Supporting, developing, working in, embedding, all terms applied on a regular basis to the culture of research being sought within the NHS. The ability of such a culture to improve population health and patient outcomes is taken as given. Expectations are placed on clinical teams, managers and individuals to engage actively in its development and growth. Frustration is expressed frequently about the challenges of embedding such a culture within clinical practice and I have lost count of the number of meetings I have attended where the barriers to achieving this are discussed and debated. It is indeed a focus of research in its own right.

So here’s a question I keep coming back to, what does a culture of research in the NHS mean to you? If someone was to ask you to describe it what would you say? When we talk about a culture of research how clear are we about what it is that we are striving to build? What would it feel like to work in such a culture, what would people be doing differently, what would people be talking about and importantly what story would they tell about it?

Key stakeholders driving this agenda are often external to the NHS Trusts they seek to influence. Established with a remit to deliver on specific agendas which, when combined, would indeed deliver a thriving culture of research and innovation. But here in lies the challenge, it feels like an elaborate layer cake with air, rather than filling, between the layers. Depending upon which networking event, workshop or meeting you attend as a clinician you will be encouraged to increase recruitment of participants to clinical trials, embrace the implementation of innovation, work collaboratively with academia and industry to innovate, engage in applied health research, work collaboratively with universities and industry on externally funded research projects and develop your own research skills and expertise. Each stakeholder tells its own carefully crafted story. Each story is told in the language of the respective organisation, accessible to those involved in its creation.

In storytelling there is a narrative structure called the composite story, described as:

a collection of short stories in which the narratives are specifically composed and arranged with the goal of creating an enhanced or different experience when reading the group as a whole as opposed to its individual parts. (S.Mann, (1989). The Short Story Cycle. New York: Greenwood Press.)

In my mind the development of a composite story about a culture of research within the NHS would enable each of the leading protagonists to craft their own story but, importantly, the layers of stories would not stand alone suspended in space as is the case currently. A layer of filling would be inserted between the layers to hold them together.

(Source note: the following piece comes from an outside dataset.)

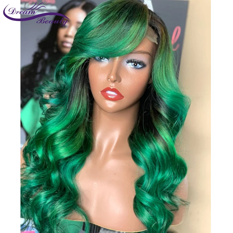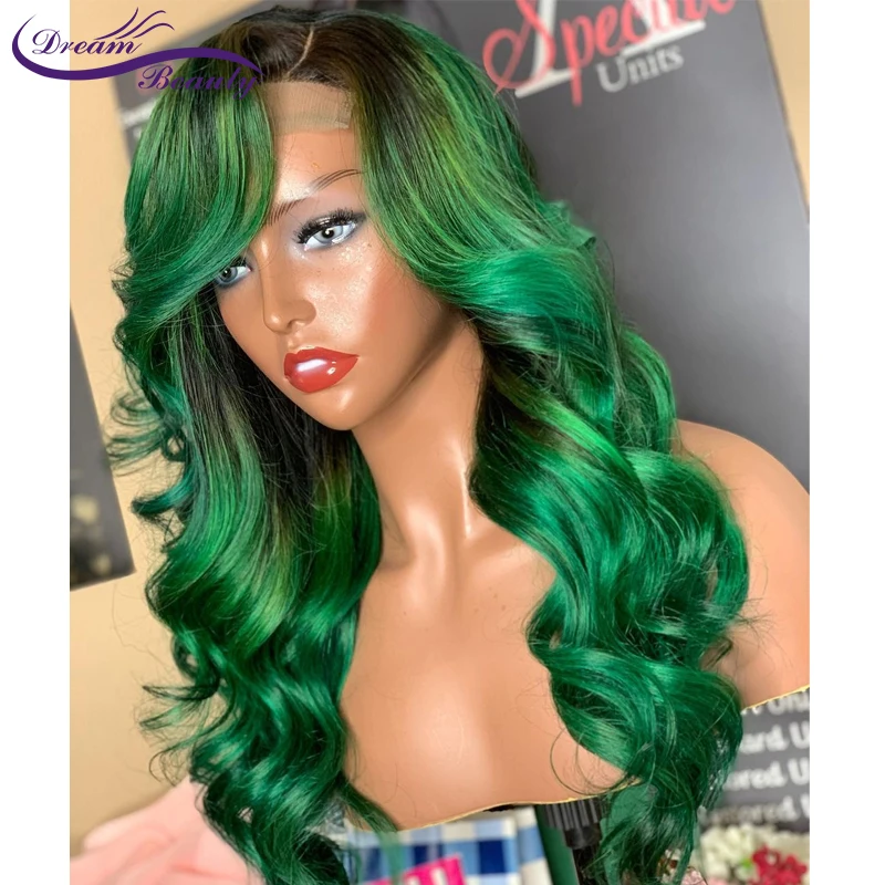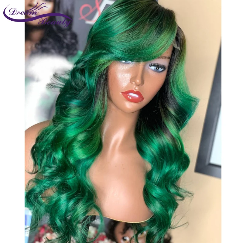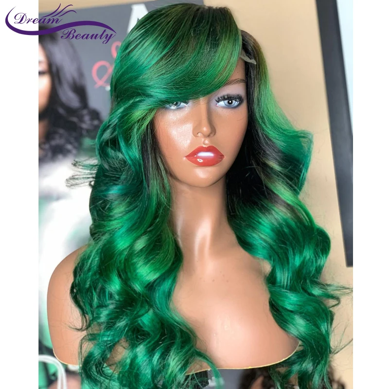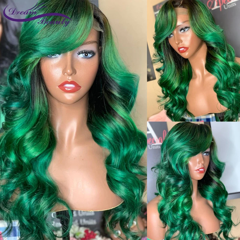 Темно-зеленый 13x4 парик из человеческих волос на сетке спереди для...

Anyone involved in undertaking qualitative research may see the obvious link with the process of making sense of data.  Actively listening to people as they shape and tell their stories, sometimes at a specific juncture in their lives, sometimes over a number of years as their lives unfold. Collecting them, exploring them and then weaving them together.

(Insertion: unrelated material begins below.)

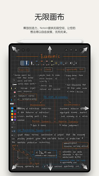 2、 提供高达1000%的自由页面缩放功能,可将书写区域瞬间扩展十倍。在保持书写流畅度的前提下,单页内容容量大幅提升,此功能对PDF与图片文件同样适用。

When I embarked upon my research journey in the 1980s the development of a composite story or master narrative from data was often the sole domain of the researcher. However 30 years on these stories are more likely to be co-created with the people whose stories are being told. The co-creation is seen as a mechanism for increasing the authenticity and authority of the story.

And this is where my thinking is at the moment, what would the composite story surrounding a culture of research in the NHS be if it was co-created? If we were able to work with the different stories being told currently to blend and meld them into something which was greater than the sum of its parts, co-created and written in a language accessible to all.